2) Reality is the most useful way to organize and interpret the lived experience.
Conclusion
3) Truth is correspondence with the most useful way to organize the lived experience.
QED
Indeed I will.
 

Scott C.

Just one guy
You and many others have brought up this same strawman over and over again. My actual position is that there's a spectrum of confidence, but that i'm not actually certain about anything.

And whats your position exactly? That all personal experience, no matter what it is, should just be accepted without skepticism or doubt and that we should accept any claim in a personal revelation? What if someone was high on mushrooms and cocaine or had a head injury? I'm pretty sure you hold the same position I do--that not all personal experiences or revelations should have the same confidence. The personal experience that I have a pet dog is vastly different from a personal experience that I was abducted by little green men wearing tutus. I'm going to doubt personal experience and revelation depending on what it is, particularly the content of that experience. Just because I had an experience doesn't mean I should just automatically accept the claims of some voices im hearing in that experience/revelation.

First, I don't completely disagree with you.

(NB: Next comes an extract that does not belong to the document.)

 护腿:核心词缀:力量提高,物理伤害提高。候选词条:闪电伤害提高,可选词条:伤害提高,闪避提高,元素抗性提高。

People can and are often deceived or tricked or fall into wishfull thinking. But I also believe in legitimate revelation from God. I believe that God is capable of revealing himself in ways that provide the same level of certainty to the receiver as one gets from seeing, touching, hearing, smelling, and/or tasting. Certainly if there is a God (which I believe) he has the power to communicate in ways, that while not understood to mere mortals, actually surpass the pedestrian human senses. That means of revelation can and does leave a sure impression on the soul that can equal or surpass any level of certainty obtained in any other way regarding any other fact.

Having said that, there is always that nagging "What if everything I experience of a physical or spiritual nature is a hallucination?" Or, "how do I know that I even exist?" Or, "what if everything I experience from God is real, but coming from a deceitful source who is playing a game or has some unknown motive?" I suppose there is no way to be 100% certain of anything if you look at it that way.

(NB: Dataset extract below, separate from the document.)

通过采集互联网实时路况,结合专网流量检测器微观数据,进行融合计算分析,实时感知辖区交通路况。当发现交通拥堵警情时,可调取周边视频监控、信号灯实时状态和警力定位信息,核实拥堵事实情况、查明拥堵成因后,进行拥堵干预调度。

So, I have to assume that what I see and touch is real. The world is real. You and I exist. There is stuff and living things all around and I am a part of that. I bet on the fact that there is no intelligent deceiver who pretends to be God and who is communicating to people on earth. I take on faith that the very real experiences which I have, are real, that the love I feel from God is real, and the whisperings of his Spirit are real. They have proven to be so, in my mind and heart. I'm not sure I could stop believing in God. I could perhaps walk away from God and ignore him or forget him. But the impressions I have are too deep for me to ever really stop believing that he exists.
 

Grandliseur

Well-Known Member
I would actually consider this as a divine personal revelation.
I did not include this in revelation - the two are distinctly different to me.

I have had 4, as in four, encounters with fallen angels, one which was witnesses by about 10 people. I might, don't know, have had two encounters with angels in human form. I didn't impress anybody.